■ Task instructions: Could you transcribe exactly the lines below, from the line with "This 85 m2 second" through the line with "[조국 위원장과 서왕진", and nothing else, leaving out the pictures?

■ Data supplied:
* * * * * * *

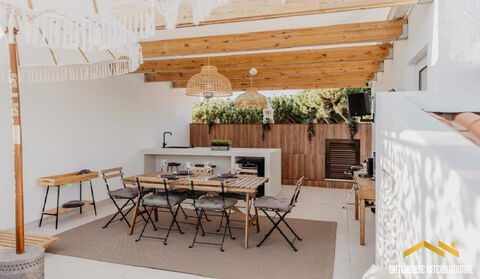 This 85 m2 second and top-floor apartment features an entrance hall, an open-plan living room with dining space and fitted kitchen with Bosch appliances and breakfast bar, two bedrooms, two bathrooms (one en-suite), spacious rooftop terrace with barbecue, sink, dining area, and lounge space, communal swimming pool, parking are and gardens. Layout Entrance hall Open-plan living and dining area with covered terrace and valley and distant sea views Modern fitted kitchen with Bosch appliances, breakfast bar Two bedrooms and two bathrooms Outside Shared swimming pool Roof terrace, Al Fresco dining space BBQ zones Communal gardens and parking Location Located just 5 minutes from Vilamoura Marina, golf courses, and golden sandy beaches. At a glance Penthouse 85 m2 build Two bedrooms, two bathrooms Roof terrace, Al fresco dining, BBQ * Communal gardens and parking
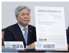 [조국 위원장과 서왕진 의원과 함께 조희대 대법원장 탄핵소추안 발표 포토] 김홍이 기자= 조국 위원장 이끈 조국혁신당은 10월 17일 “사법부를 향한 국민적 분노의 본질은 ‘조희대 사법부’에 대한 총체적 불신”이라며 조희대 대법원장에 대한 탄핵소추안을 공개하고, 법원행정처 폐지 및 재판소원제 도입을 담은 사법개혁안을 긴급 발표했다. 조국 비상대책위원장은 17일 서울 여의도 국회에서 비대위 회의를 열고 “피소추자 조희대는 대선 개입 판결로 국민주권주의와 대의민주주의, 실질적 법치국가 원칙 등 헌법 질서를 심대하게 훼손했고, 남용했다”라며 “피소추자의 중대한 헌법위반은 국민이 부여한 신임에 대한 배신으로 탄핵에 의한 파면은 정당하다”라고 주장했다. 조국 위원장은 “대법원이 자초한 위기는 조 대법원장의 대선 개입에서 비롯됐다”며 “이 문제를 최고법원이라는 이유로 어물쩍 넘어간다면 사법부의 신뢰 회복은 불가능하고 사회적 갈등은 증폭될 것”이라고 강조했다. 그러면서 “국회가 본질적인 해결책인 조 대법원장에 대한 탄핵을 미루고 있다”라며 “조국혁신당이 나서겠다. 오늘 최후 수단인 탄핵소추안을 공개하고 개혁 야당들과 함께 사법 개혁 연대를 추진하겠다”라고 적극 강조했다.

* * * * * * *

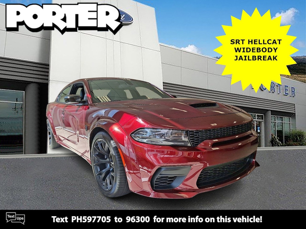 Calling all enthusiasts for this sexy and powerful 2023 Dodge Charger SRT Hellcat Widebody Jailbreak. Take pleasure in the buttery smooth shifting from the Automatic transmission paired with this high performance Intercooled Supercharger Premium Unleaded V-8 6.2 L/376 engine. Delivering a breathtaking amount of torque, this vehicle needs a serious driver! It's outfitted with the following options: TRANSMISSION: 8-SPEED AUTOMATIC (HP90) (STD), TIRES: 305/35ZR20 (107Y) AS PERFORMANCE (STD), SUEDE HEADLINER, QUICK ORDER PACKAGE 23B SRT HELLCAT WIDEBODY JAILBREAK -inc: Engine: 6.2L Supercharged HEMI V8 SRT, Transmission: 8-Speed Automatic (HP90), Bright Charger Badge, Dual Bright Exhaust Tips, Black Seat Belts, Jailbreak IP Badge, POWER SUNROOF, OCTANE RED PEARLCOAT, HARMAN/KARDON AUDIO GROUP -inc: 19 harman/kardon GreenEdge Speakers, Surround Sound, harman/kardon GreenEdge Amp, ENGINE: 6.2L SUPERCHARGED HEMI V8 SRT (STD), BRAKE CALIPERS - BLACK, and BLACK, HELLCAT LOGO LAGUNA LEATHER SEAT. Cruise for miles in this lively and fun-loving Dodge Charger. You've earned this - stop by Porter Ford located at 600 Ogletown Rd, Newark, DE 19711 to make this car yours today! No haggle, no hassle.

* * * * * * *

■ Response to the exercise:
 This 85 m2 second and top-floor apartment features an entrance hall, an open-plan living room with dining space and fitted kitchen with Bosch appliances and breakfast bar, two bedrooms, two bathrooms (one en-suite), spacious rooftop terrace with barbecue, sink, dining area, and lounge space, communal swimming pool, parking are and gardens. Layout Entrance hall Open-plan living and dining area with covered terrace and valley and distant sea views Modern fitted kitchen with Bosch appliances, breakfast bar Two bedrooms and two bathrooms Outside Shared swimming pool Roof terrace, Al Fresco dining space BBQ zones Communal gardens and parking Location Located just 5 minutes from Vilamoura Marina, golf courses, and golden sandy beaches. At a glance Penthouse 85 m2 build Two bedrooms, two bathrooms Roof terrace, Al fresco dining, BBQ * Communal gardens and parking
 [조국 위원장과 서왕진 의원과 함께 조희대 대법원장 탄핵소추안 발표 포토] 김홍이 기자= 조국 위원장 이끈 조국혁신당은 10월 17일 “사법부를 향한 국민적 분노의 본질은 ‘조희대 사법부’에 대한 총체적 불신”이라며 조희대 대법원장에 대한 탄핵소추안을 공개하고, 법원행정처 폐지 및 재판소원제 도입을 담은 사법개혁안을 긴급 발표했다. 조국 비상대책위원장은 17일 서울 여의도 국회에서 비대위 회의를 열고 “피소추자 조희대는 대선 개입 판결로 국민주권주의와 대의민주주의, 실질적 법치국가 원칙 등 헌법 질서를 심대하게 훼손했고, 남용했다”라며 “피소추자의 중대한 헌법위반은 국민이 부여한 신임에 대한 배신으로 탄핵에 의한 파면은 정당하다”라고 주장했다. 조국 위원장은 “대법원이 자초한 위기는 조 대법원장의 대선 개입에서 비롯됐다”며 “이 문제를 최고법원이라는 이유로 어물쩍 넘어간다면 사법부의 신뢰 회복은 불가능하고 사회적 갈등은 증폭될 것”이라고 강조했다. 그러면서 “국회가 본질적인 해결책인 조 대법원장에 대한 탄핵을 미루고 있다”라며 “조국혁신당이 나서겠다. 오늘 최후 수단인 탄핵소추안을 공개하고 개혁 야당들과 함께 사법 개혁 연대를 추진하겠다”라고 적극 강조했다.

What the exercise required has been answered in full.